◆ **Work item**
I'd like the full listing transcribed exactly, with no images included.

◆ **Information shown**
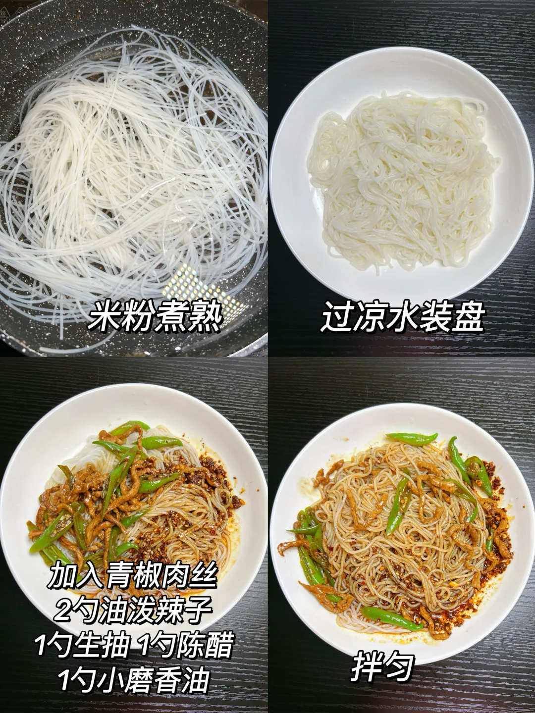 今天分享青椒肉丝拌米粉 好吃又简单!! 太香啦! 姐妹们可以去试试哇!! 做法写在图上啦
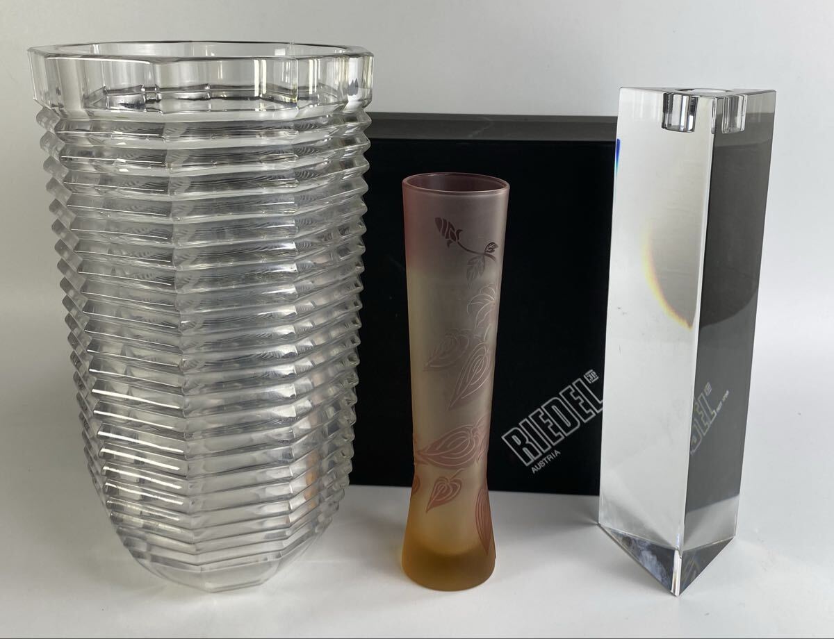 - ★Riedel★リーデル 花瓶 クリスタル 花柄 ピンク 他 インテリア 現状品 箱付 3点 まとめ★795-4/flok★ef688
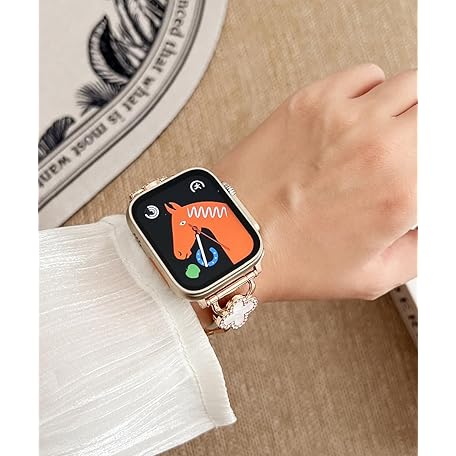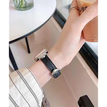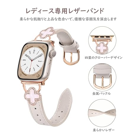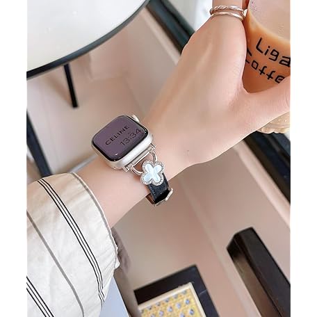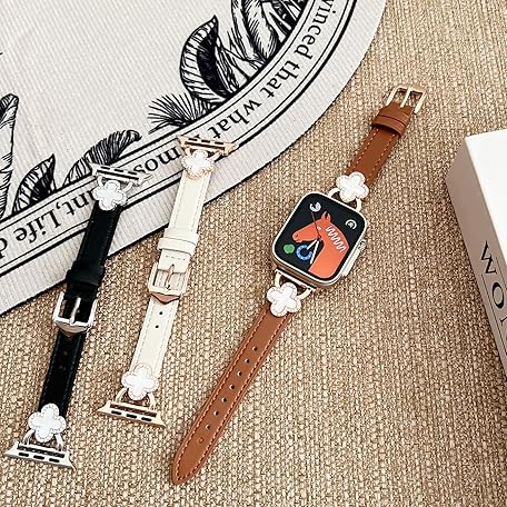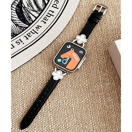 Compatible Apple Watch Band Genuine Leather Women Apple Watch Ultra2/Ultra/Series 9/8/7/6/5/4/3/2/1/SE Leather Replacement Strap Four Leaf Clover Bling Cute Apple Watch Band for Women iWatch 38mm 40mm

◆ **Response to the exercise**
 今天分享青椒肉丝拌米粉 好吃又简单!! 太香啦! 姐妹们可以去试试哇!! 做法写在图上啦
 - ★Riedel★リーデル 花瓶 クリスタル 花柄 ピンク 他 インテリア 現状品 箱付 3点 まとめ★795-4/flok★ef688
 Compatible Apple Watch Band Genuine Leather Women Apple Watch Ultra2/Ultra/Series 9/8/7/6/5/4/3/2/1/SE Leather Replacement Strap Four Leaf Clover Bling Cute Apple Watch Band for Women iWatch 38mm 40mm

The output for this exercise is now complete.